Find and Follow Us

Selasa, 17 September 2019 | 05:57 WIB

Bursa Saham Asia Memerah

Oleh : Wahid Ma'ruf | Jumat, 26 April 2019 | 07:33 WIB
Bursa Saham Asia Memerah
(Foto: Istimewa)
facebook twitter

INILAHCOM, Tokyo - Saham di Asia turun di perdagangan Jumat pagi setelah Dow Jones Industrial Average turun lebih dari 100 poin semalam.

Di Jepang, Nikkei 225 dan Topix masing-masing turun 0,86% di awal perdagangan, Over di Korea Selatan, Kospi turun 0,66%. Kerugian juga terlihat di Australia, dengan indeks ASX 200 turun sedikit, seperti mengutip cnbc.com.

Semalam di Wall Street, Dow turun 134,97 poin menjadi berakhir pada 26.462,08. S&P 500 dan Nasdaq Composite bernasib lebih baik, dengan penutupan sebelumnya sedikit lebih rendah di 2.926,17. Nasdaq, sementara itu, menambahkan 0,2% untuk menyelesaikan hari perdagangannya di 8.118,68 dan mencapai rekor harian.

Pergerakan itu terjadi saat musim pendapatan di Amerika Serikat terus bergulir.

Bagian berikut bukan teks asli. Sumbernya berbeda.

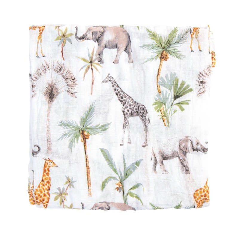 Bonita muselina de bambú confeccionada con el estampado de la colección África de BimbiDreams.

Lebih dari 170 perusahaan S&P 500 telah melaporkan hasil kuartalan sejauh ini, menurut FactSet. Dari perusahaan-perusahaan tersebut, 78% telah membukukan pendapatan yang lebih baik dari perkiraan.

Wall Street mengakhiri sesi Rabu lebih rendah di belakang hasil perusahaan yang beragam. Awal pekan ini, S&P 500 mencatat penutupan tertinggi sepanjang masa dan tetap sekitar setengah persen di bawah rekor intraday.

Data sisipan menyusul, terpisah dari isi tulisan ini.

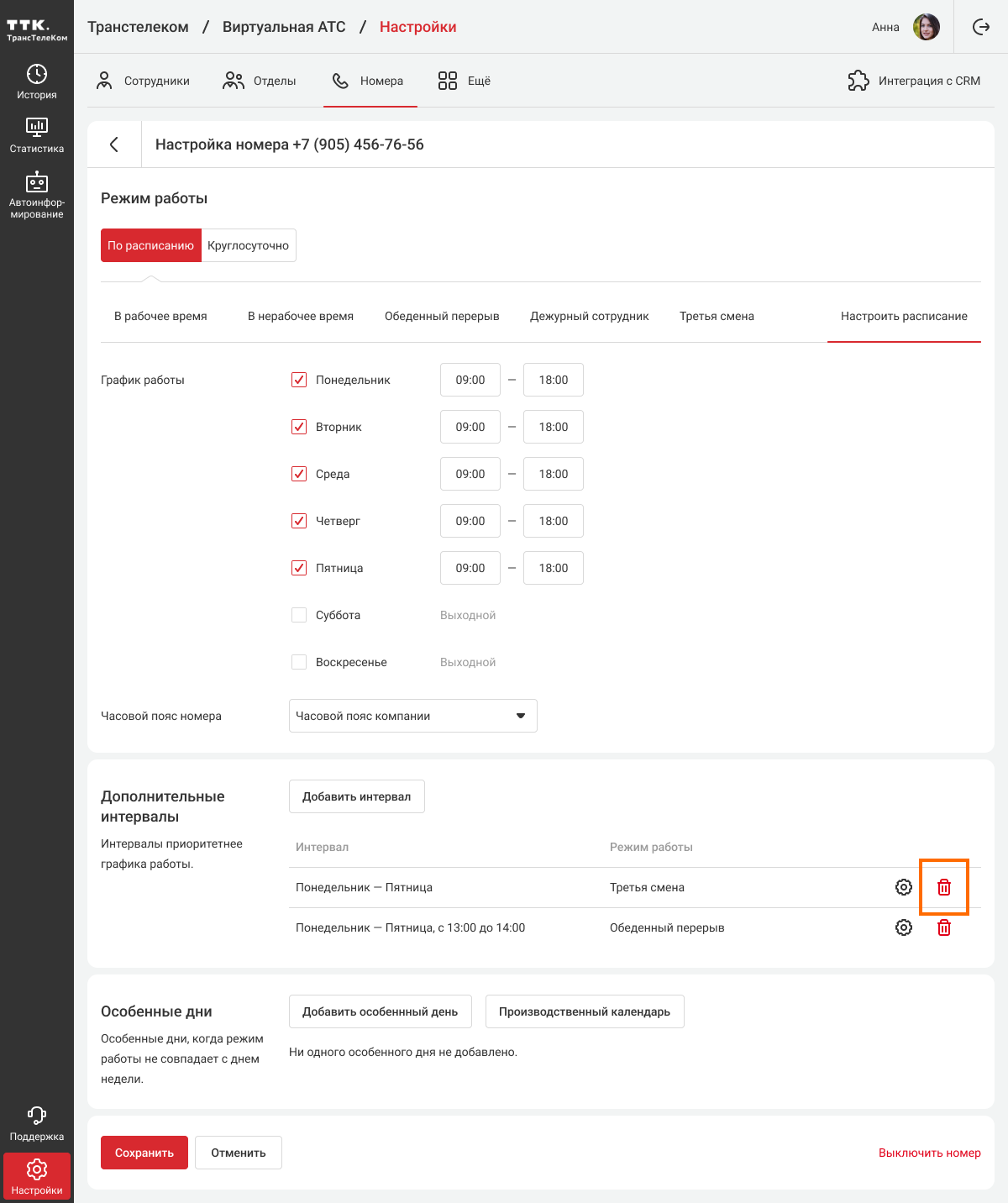 2. Нажмите «Настроить расписание». В блоке «Дополнительные интервалы» найдите режим, который хотите удалить (в нашем примере – «Третья смена»), и нажмите на «корзину» справа.

Indeks dolar AS, yang melacak greenback terhadap sekeranjang rekan-rekannya, berada di 98,129 setelah menyentuh posisi terendah di sekitar 98,0 kemarin. Dolar Australia berpindah tangan pada $ 0,7013, mendekati level tertinggi yang disentuh kemarin.

Yen Jepang diperdagangkan pada 111,49 melawan dolar setelah menguat dari posisi terendah di sekitar 112,2 pada sesi sebelumnya.

"Perdagangan dalam JPY lebih dipengaruhi oleh libur panjang Minggu Emas yang dimulai minggu depan. Yen lebih kuat di depan karena para pedagang memotong posisi pendek menjelang liburan, "David de Garis, seorang direktur dan ekonom senior di National Australia Bank, menulis dalam catatan pagi.

Jepang akan memulai liburan 10 hari dari 27 April hingga 6 Mei.